The time came when there were no more poker chips to be loaned on credit. Debtors thereupon were forced to curtail their consumption in an effort to create a margin that could be applied to the reduction of outstanding debts. This naturally reduced the demand for goods of all kinds and brought on what seemed to be overproduction, but was in reality underconsumption when judged in terms of the real world instead of the money world. This, in turn, brought about a fall in prices and employment.

Unemployment further decreased the consumption of goods, which further increased unemployment, thus closing the circle in a continuing decline of prices. Earnings began to disappear, requiring economies of all kinds in the wages, salaries, and time of those employed. And thus again the vicious circle of deflation was closed until one third of the entire working population was unemployed, with our national income reduced by fifty per cent, and with the aggregate debt burden greater than ever before, not in dollars, but measured by current values and income that represented the ability to pay.
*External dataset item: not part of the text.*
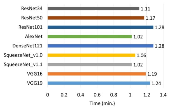 One of the main differences between the CNN models is the number of parameters, which can reflect the computational complexity of the model. It may be noted that as the number of total parameters increases, the time required for training usually increases. There are two categories of parameters: one is trainable parameters (i.e., weights of connections between layers) that are continuously updated to reduce the loss, and the other one is nontrainable parameters (i.e., biases) that are not optimized during the training process. For instance, in VGG19 architecture, the number of trainable parameters is 541,440, while the number of nontrainable parameters is approximately 20 million. As seen in Table 2, SqueezeNet has the smallest total number of parameters, whilst ResNet101 has the largest. The architectures have approximately 2, 15, and 25 million parameters for AlexNet, VGG16, and ResNet50, respectively. These values may be associated with computational complexity, where the higher the number of parameters, the greater the computational load during the training process.

Fixed charges, such as taxes, railroad and other utility rates, insurance and interest charges, clung close to the 1929 level and required such a portion of the national income to meet them that the amount left for consumption of goods was not sufficient to support the population.

This then, was my reading of what brought on the depression.

from Marriner Eccles' memoirs, Beckoning Frontiers (New York, Alfred A. Knopf, 1951)
Robert Riech follows the same analysis. But his little book includes lots and lots of facts and figures to back up the analysis.

Reich tends to optimism. He does lay out a pessimistic scenario for the future which sounds a lot like exactly what is happening and will happen over the next 10 years. But in his heart of hearts he believes that progressive forces will somehow bend the future to avert the worst and something like the golden era of the 1947-1975 era will return. This is the "pendulum swings" theory of economics and social forces. It makes a nice story. I want to believe it, but I've been expecting the pendulum to swing back for over 30 years so I'm getting jaded.

This book is an excellent short introduction to the crazy economic world we are stuck with. It is thought provoking. He has all the facts you need to appreciate the analysis. Read the book!